_PROBLEM DESCRIPTION_
Reproduce exactly the lines from the start of the records through the line containing "РЖД стали оператором", both included. Leave the pictures out.

_INFORMATION SHOWN_
╔══

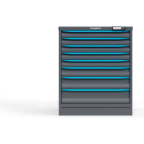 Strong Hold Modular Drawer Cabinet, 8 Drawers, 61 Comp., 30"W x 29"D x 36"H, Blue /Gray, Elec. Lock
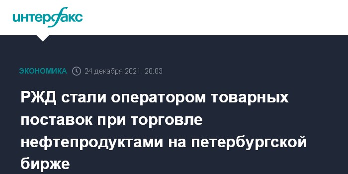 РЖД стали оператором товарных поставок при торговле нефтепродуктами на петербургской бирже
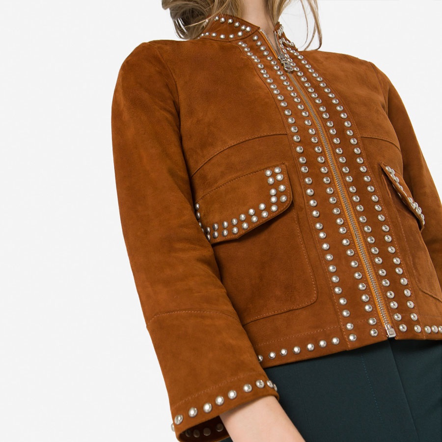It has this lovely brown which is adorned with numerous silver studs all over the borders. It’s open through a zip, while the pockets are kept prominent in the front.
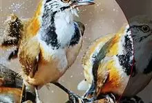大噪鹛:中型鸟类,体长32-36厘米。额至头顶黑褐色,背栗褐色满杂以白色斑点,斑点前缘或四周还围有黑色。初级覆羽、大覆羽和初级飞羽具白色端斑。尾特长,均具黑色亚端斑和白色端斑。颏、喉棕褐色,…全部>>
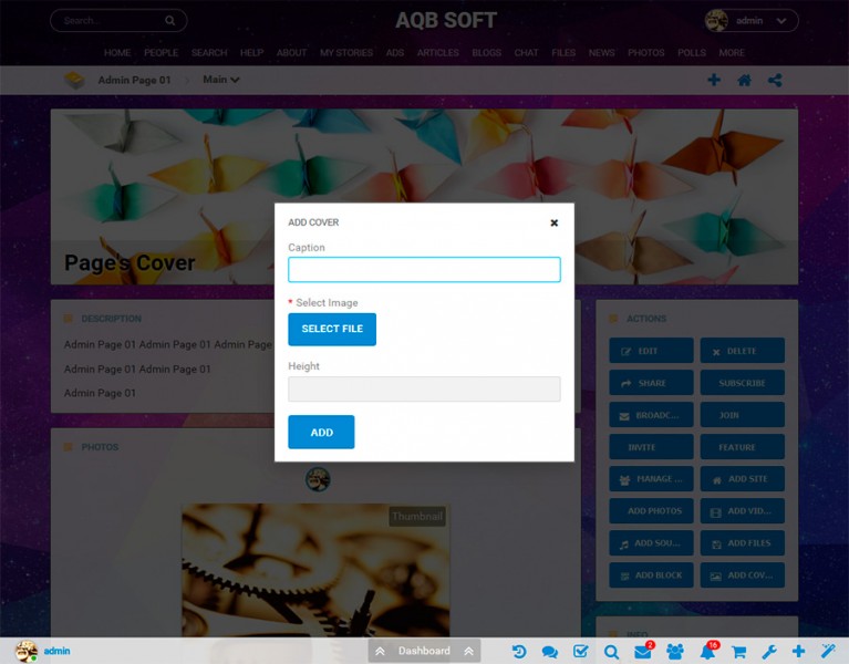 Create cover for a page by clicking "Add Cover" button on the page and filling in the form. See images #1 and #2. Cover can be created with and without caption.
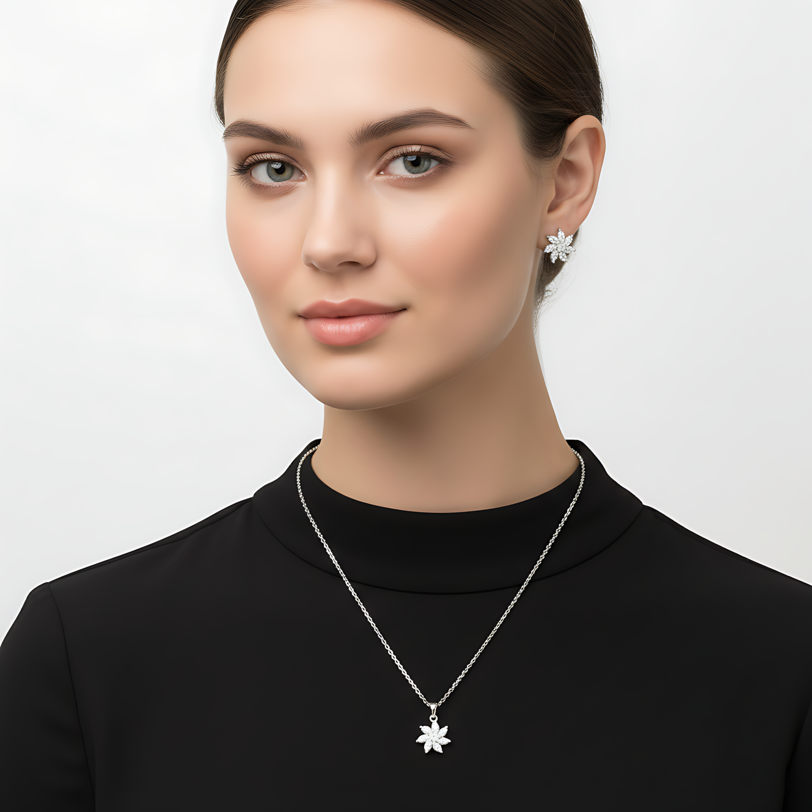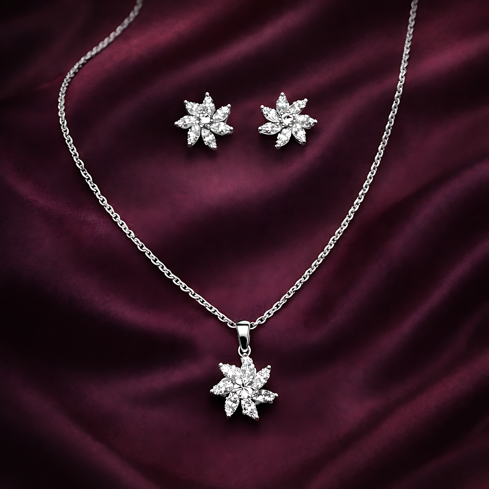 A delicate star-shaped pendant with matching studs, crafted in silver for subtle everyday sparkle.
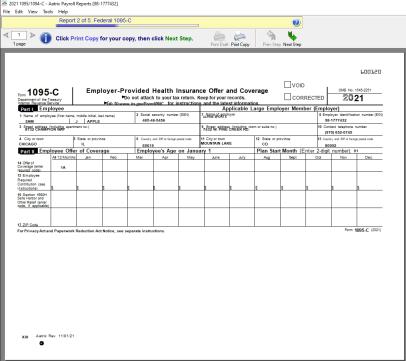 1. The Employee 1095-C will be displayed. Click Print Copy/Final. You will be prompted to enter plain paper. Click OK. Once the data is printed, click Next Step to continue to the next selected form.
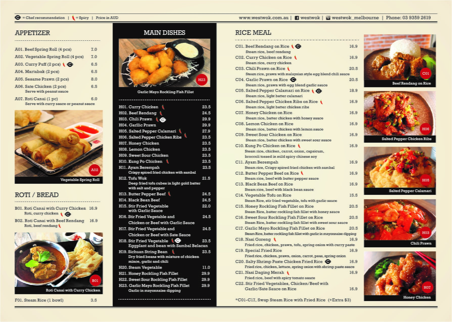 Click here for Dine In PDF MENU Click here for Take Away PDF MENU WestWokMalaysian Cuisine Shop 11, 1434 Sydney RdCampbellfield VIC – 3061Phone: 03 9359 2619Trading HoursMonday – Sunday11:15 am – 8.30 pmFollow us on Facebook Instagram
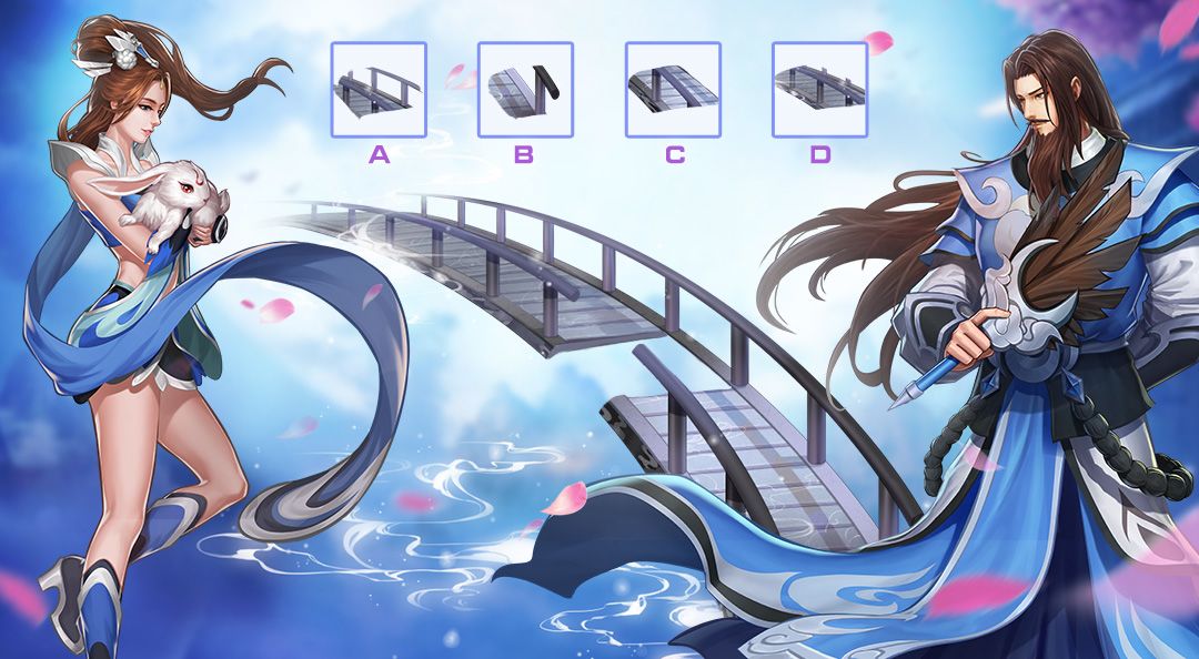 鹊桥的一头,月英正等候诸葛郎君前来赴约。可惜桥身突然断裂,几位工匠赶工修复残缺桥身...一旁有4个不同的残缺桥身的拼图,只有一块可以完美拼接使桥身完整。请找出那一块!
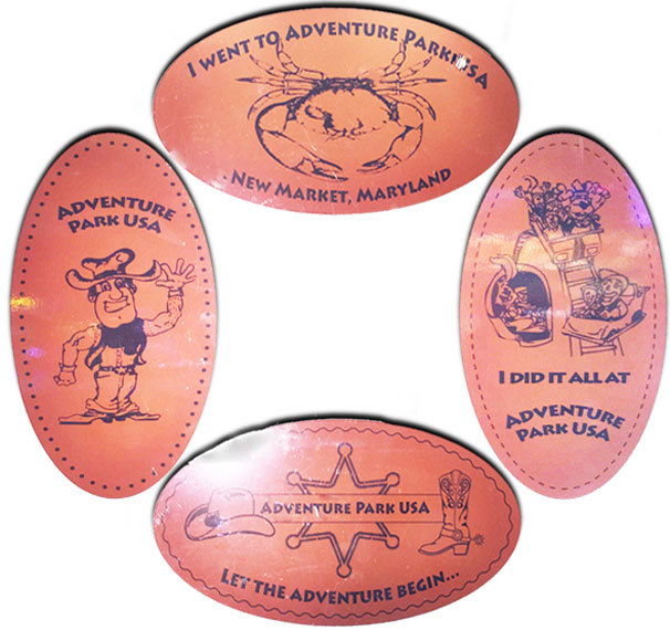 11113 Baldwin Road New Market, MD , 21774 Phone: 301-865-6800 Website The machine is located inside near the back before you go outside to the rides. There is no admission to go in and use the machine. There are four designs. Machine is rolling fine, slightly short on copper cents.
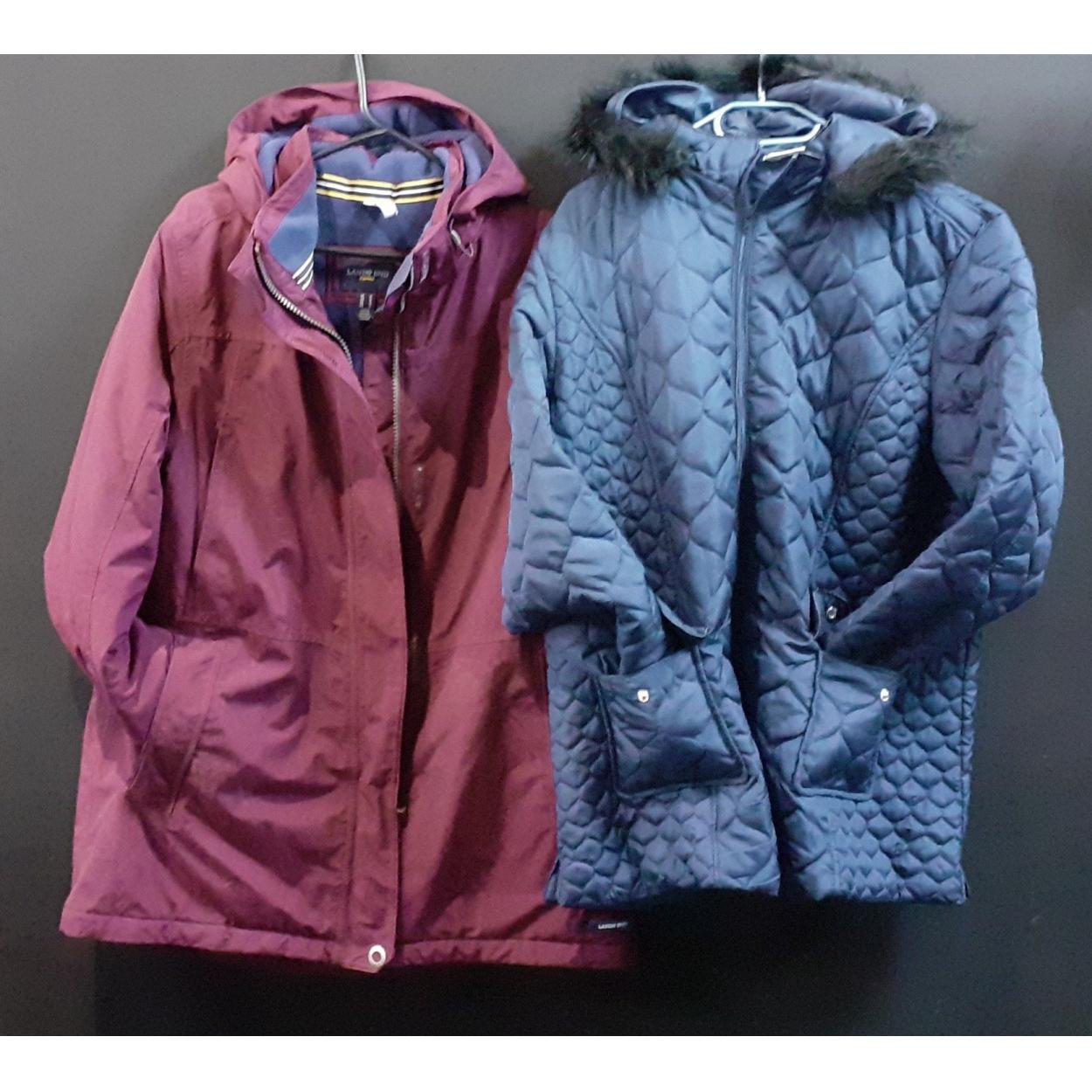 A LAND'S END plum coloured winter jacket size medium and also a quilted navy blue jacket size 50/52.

╚══

_EXERCISE RESULT_
 Strong Hold Modular Drawer Cabinet, 8 Drawers, 61 Comp., 30"W x 29"D x 36"H, Blue /Gray, Elec. Lock
 РЖД стали оператором товарных поставок при торговле нефтепродуктами на петербургской бирже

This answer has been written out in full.